I've used both table salt and sea salt (sold for human consumption) in aquaria and in making pickles, where they warn you to use pure salt lest your pickling liquid darken or become cloudy. No problem. The iodine may actually be beneficial. The Great Lakes are a goiter region, and the salmon introduced to Lake Ontario often have goiter. While aquarium fish should get enough iodine from the marine origin food they eat, I've seen probable goiters on Julidochromis spp a few times. So I doubt the iodine in iodized salt could do any harm.
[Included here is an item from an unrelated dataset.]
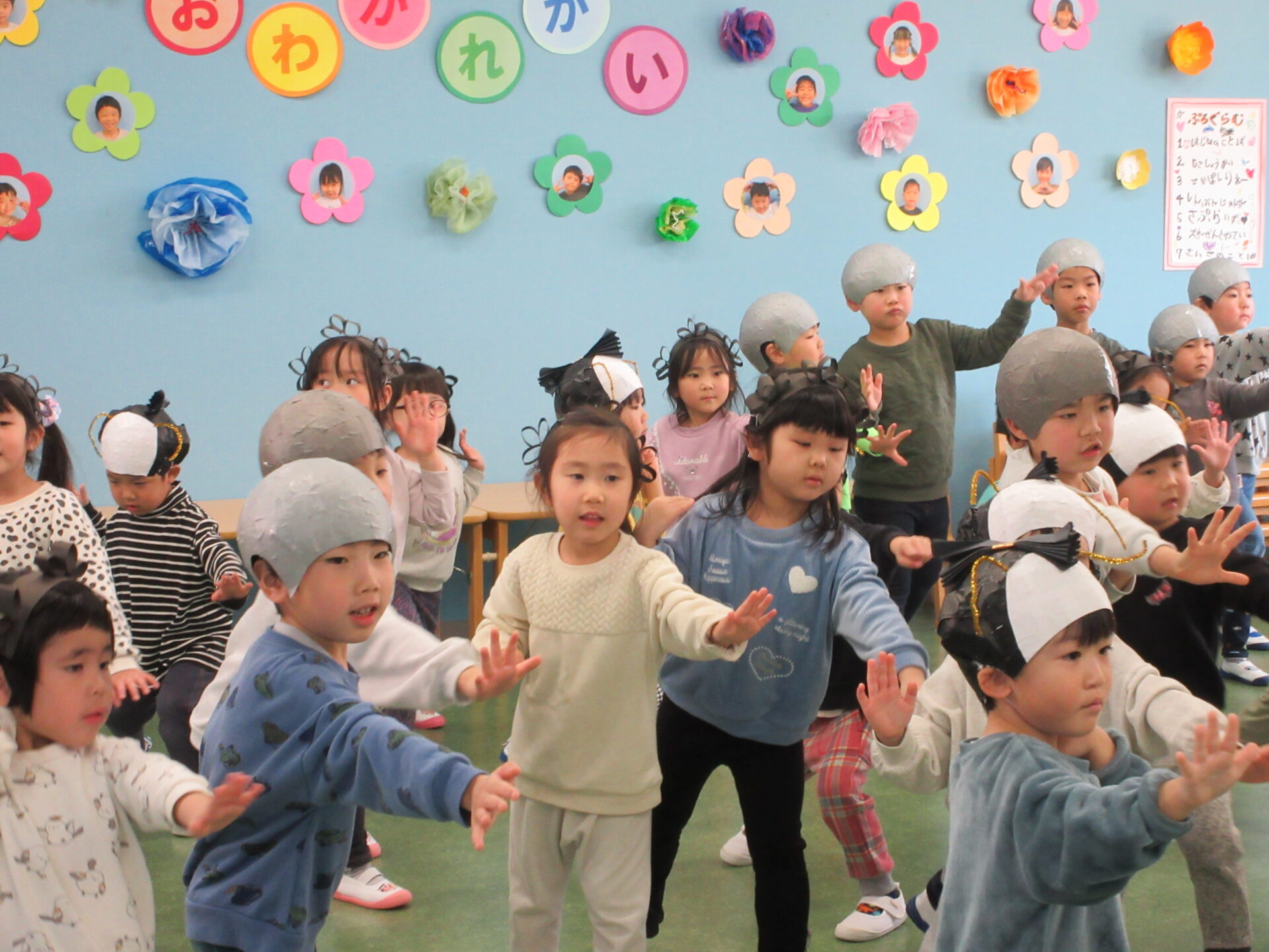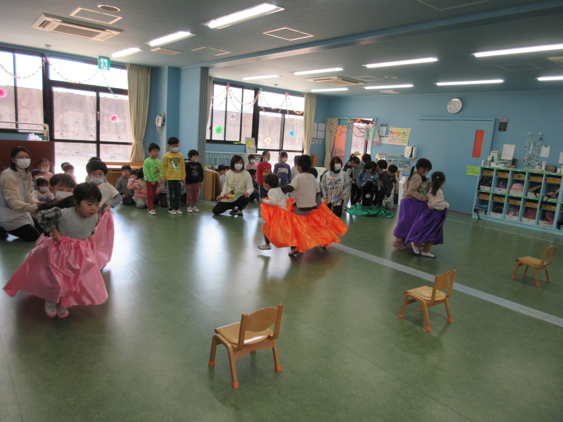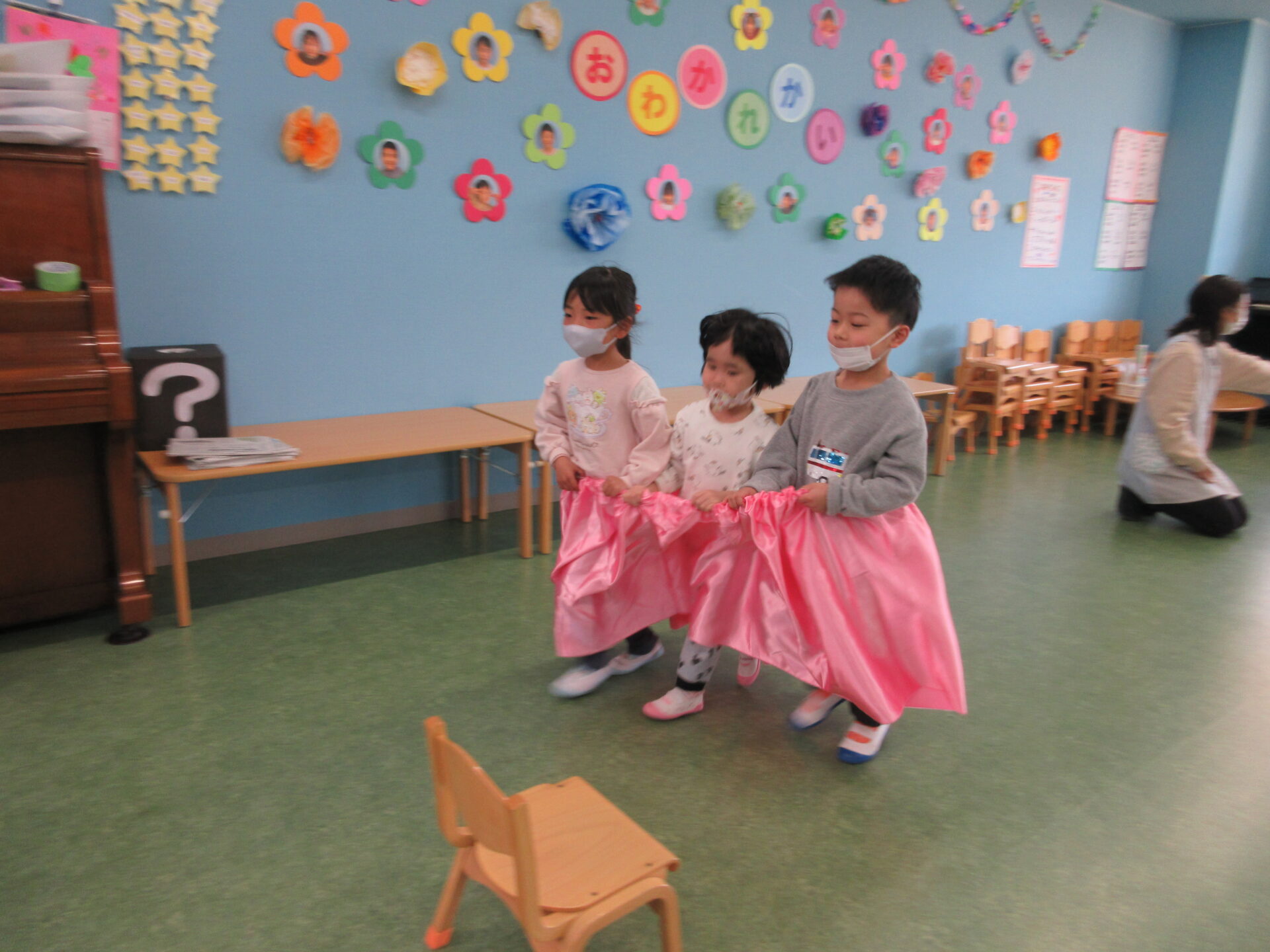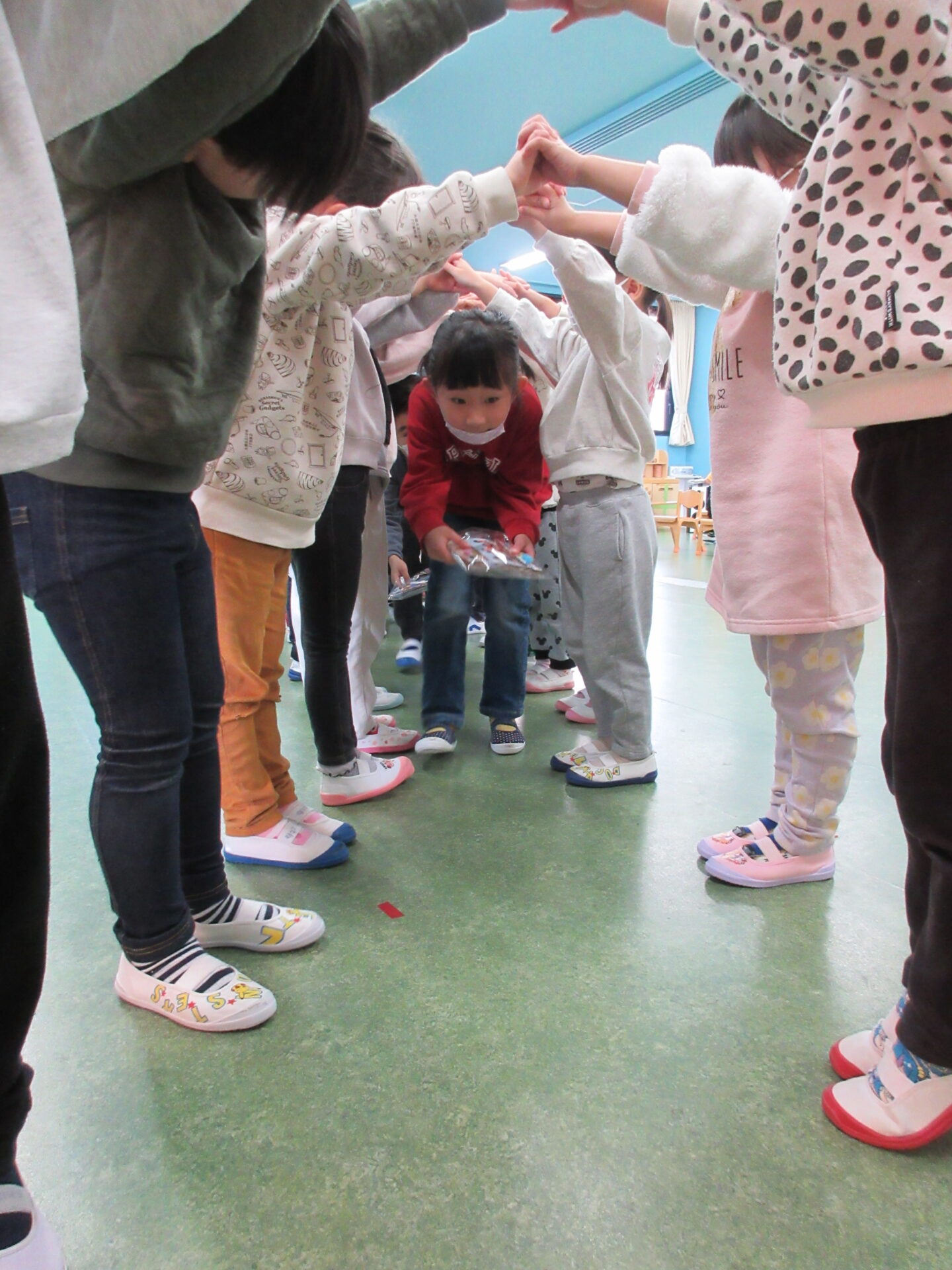 今までたくさんお世話になったくじらチームさんに楽しんでもらおうと、3.4歳児にじ.そらチームが企画、進行をしてくれて始まります!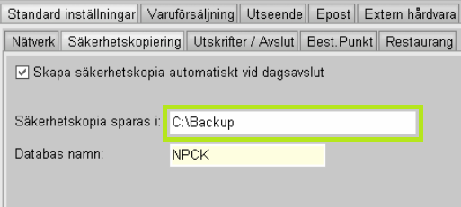 Generellt sparas säkerhetskopiorna i sökvägen "C:\Backup" men detta kan variera beroende på era lokala inställningar. För att lokalisera mappen där säkerhetskopiorna finns, öppna inställningsmenyn i kassaprogrammet via Arkiv - Inställningar - Systemuppgifter och välj fliken "Säkerhetskopiering" i den nedre raden.

Starch and sodium silicoaluminate could cause a little transient cloudiness, but I've never seen it when using salt in small quantities.

That said, if I were setting up a real brackish tank, I'd probably use salt intended for marine aquaria, since true brackish water fish might benefit from some of the other components in that mix.


----------



## Bwhiskered (Oct 2, 2008)

All aquarium salt is is coarse pickling salt. Any non idonized salt will do. Kosher salt is good and I have been using water softener salt for over 30 years for treating fish and hatching brine shrimp without a problem. Years ago some stores bought a 100 pound bag of pickling salt and packaged it themselves. There are many products you buy from the fish stores that you can buy much cheaper if you know what they are.

Sea salt is ok as well. The only difference is that it contains trace elements that can be benificial.


----------



## wtac (Mar 17, 2006)

You're correct bea..."back in the day" it should have been stated...too much going on in the ol mellon, not enough sleep and inhaling too much curing silicone...LOL!


----------